→ DATA SECTION:
==========

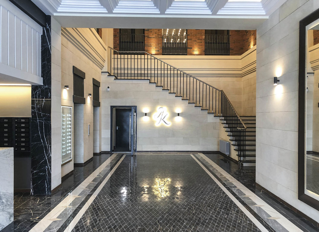 Элитарность прослеживается в ЖК «Аристократ» буквально во всем. Начиная с престижного месторасположения с прекрасными видами на парковую зону и эксклюзивного дизайна фасадов, заканчивая уникальностью интерьеров общественных пространств. Подъезды с эффектными атриумами украшены витражами с цветным стеклом и большими дизайнерскими люстрами, стены отделаны мрамором и гранитом, на потолках – оригинальные навесные конструкции, а на полу – дизайнерская керамическая плитка.
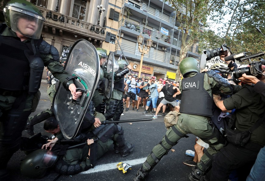En un intento de la Policía de la Ciudad de que los manifestantes se suban a la vereda una vez que llegaron a la Plaza Congreso, en el marco del protocolo antipiquetes de Patricia Bullrich, comenzaron las discusiones y forcejeos entre ambos. Hay empujones y corridas.
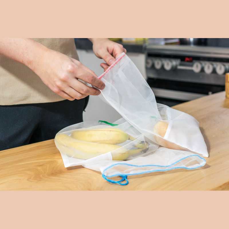 Sťahovacie vrecúško z recyklovaného PET materiálu, ktoré môžete v prípade potreby vyprať. Použite ho opakovane a znížte tým množstvo ťažko rozložiteľného odpadu.
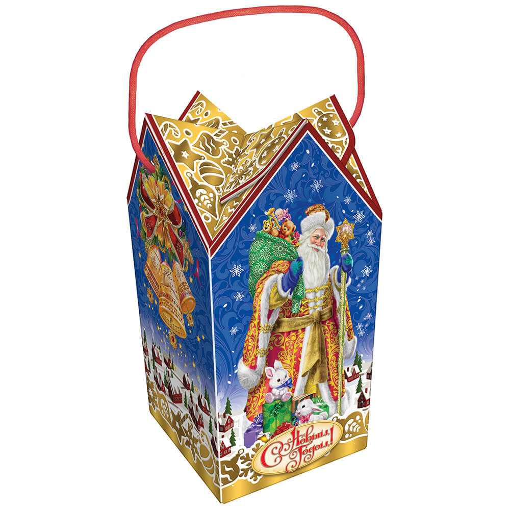 Коробка сундучок в форме домика с ручкой-шнурком. Оформлена в традиционном новогоднем стиле, с морозными узорами и праздничными украшениями, и Дедом Морозом в сказочном кафтане.

==========

→ AIM OF THE EXERCISE: Return all of the material precisely as written. No picture belongs in it.

→ REPLY TO THE EXERCISE:
 Элитарность прослеживается в ЖК «Аристократ» буквально во всем. Начиная с престижного месторасположения с прекрасными видами на парковую зону и эксклюзивного дизайна фасадов, заканчивая уникальностью интерьеров общественных пространств. Подъезды с эффектными атриумами украшены витражами с цветным стеклом и большими дизайнерскими люстрами, стены отделаны мрамором и гранитом, на потолках – оригинальные навесные конструкции, а на полу – дизайнерская керамическая плитка.
En un intento de la Policía de la Ciudad de que los manifestantes se suban a la vereda una vez que llegaron a la Plaza Congreso, en el marco del protocolo antipiquetes de Patricia Bullrich, comenzaron las discusiones y forcejeos entre ambos. Hay empujones y corridas.
 Sťahovacie vrecúško z recyklovaného PET materiálu, ktoré môžete v prípade potreby vyprať. Použite ho opakovane a znížte tým množstvo ťažko rozložiteľného odpadu.
 Коробка сундучок в форме домика с ручкой-шнурком. Оформлена в традиционном новогоднем стиле, с морозными узорами и праздничными украшениями, и Дедом Морозом в сказочном кафтане.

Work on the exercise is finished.